_AVAILABLE DATA:_
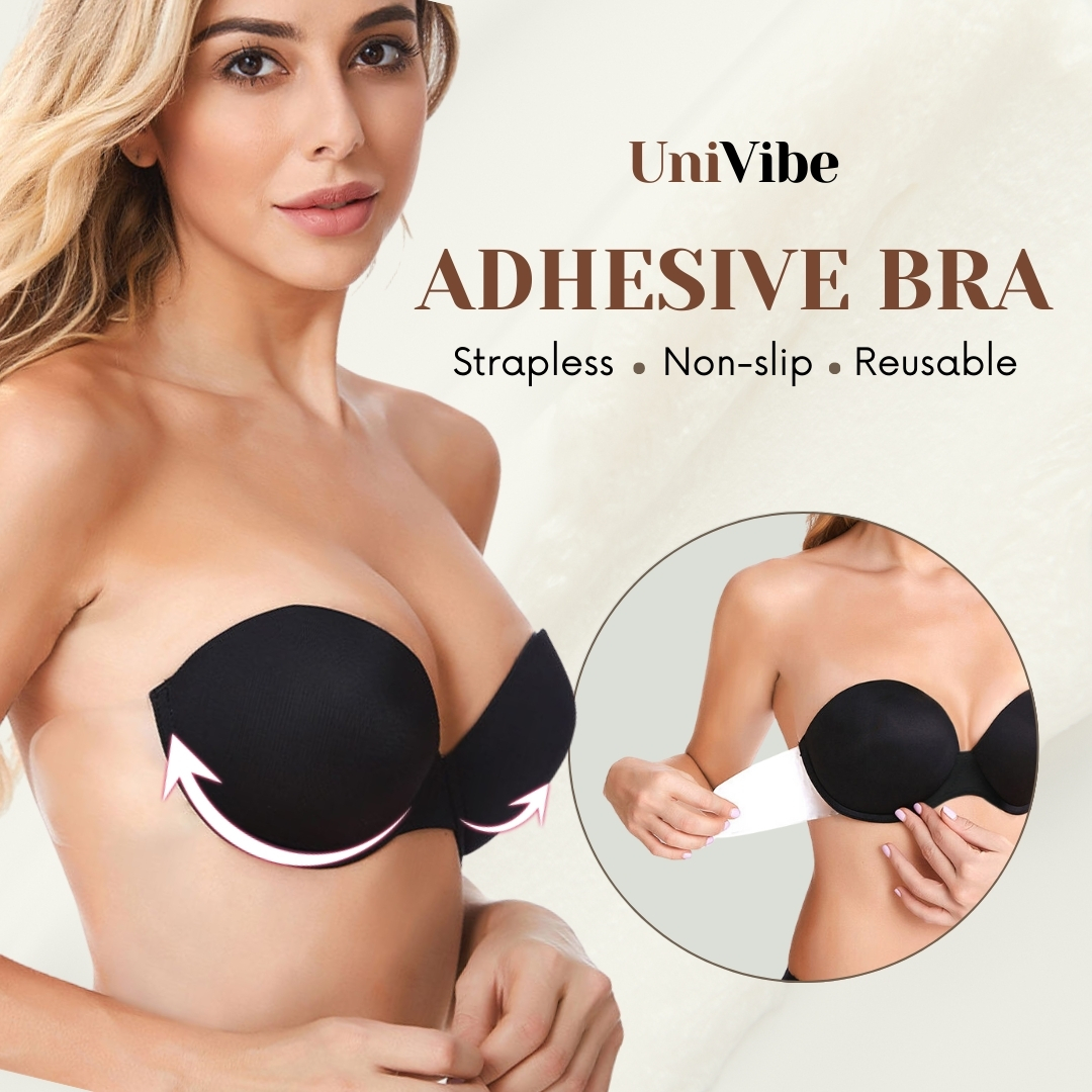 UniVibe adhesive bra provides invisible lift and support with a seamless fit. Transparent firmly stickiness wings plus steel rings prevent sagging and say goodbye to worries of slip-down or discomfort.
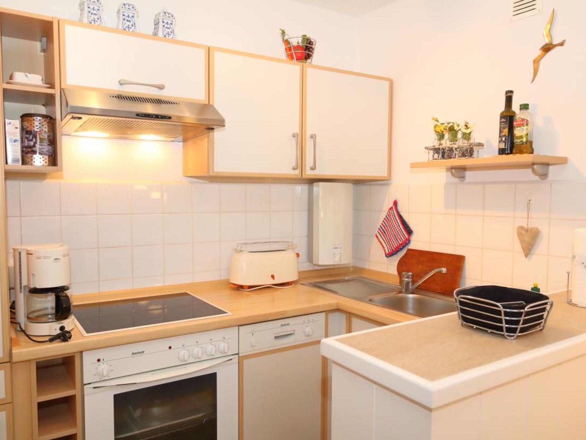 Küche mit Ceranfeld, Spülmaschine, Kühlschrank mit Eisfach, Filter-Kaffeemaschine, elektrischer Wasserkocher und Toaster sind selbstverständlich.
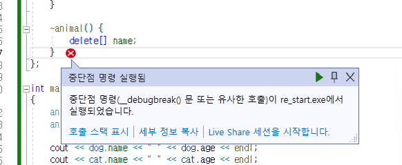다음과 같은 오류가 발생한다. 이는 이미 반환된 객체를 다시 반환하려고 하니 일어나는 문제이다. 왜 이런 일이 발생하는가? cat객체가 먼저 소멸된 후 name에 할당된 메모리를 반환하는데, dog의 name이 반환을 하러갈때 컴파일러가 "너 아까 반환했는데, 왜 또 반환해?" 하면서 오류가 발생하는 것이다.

_WHAT IS REQUIRED:_ All of the lines above should be copied exactly, apart from the pictures.

_YOUR SOLUTION:_
 UniVibe adhesive bra provides invisible lift and support with a seamless fit. Transparent firmly stickiness wings plus steel rings prevent sagging and say goodbye to worries of slip-down or discomfort.
 Küche mit Ceranfeld, Spülmaschine, Kühlschrank mit Eisfach, Filter-Kaffeemaschine, elektrischer Wasserkocher und Toaster sind selbstverständlich.
다음과 같은 오류가 발생한다. 이는 이미 반환된 객체를 다시 반환하려고 하니 일어나는 문제이다. 왜 이런 일이 발생하는가? cat객체가 먼저 소멸된 후 name에 할당된 메모리를 반환하는데, dog의 name이 반환을 하러갈때 컴파일러가 "너 아까 반환했는데, 왜 또 반환해?" 하면서 오류가 발생하는 것이다.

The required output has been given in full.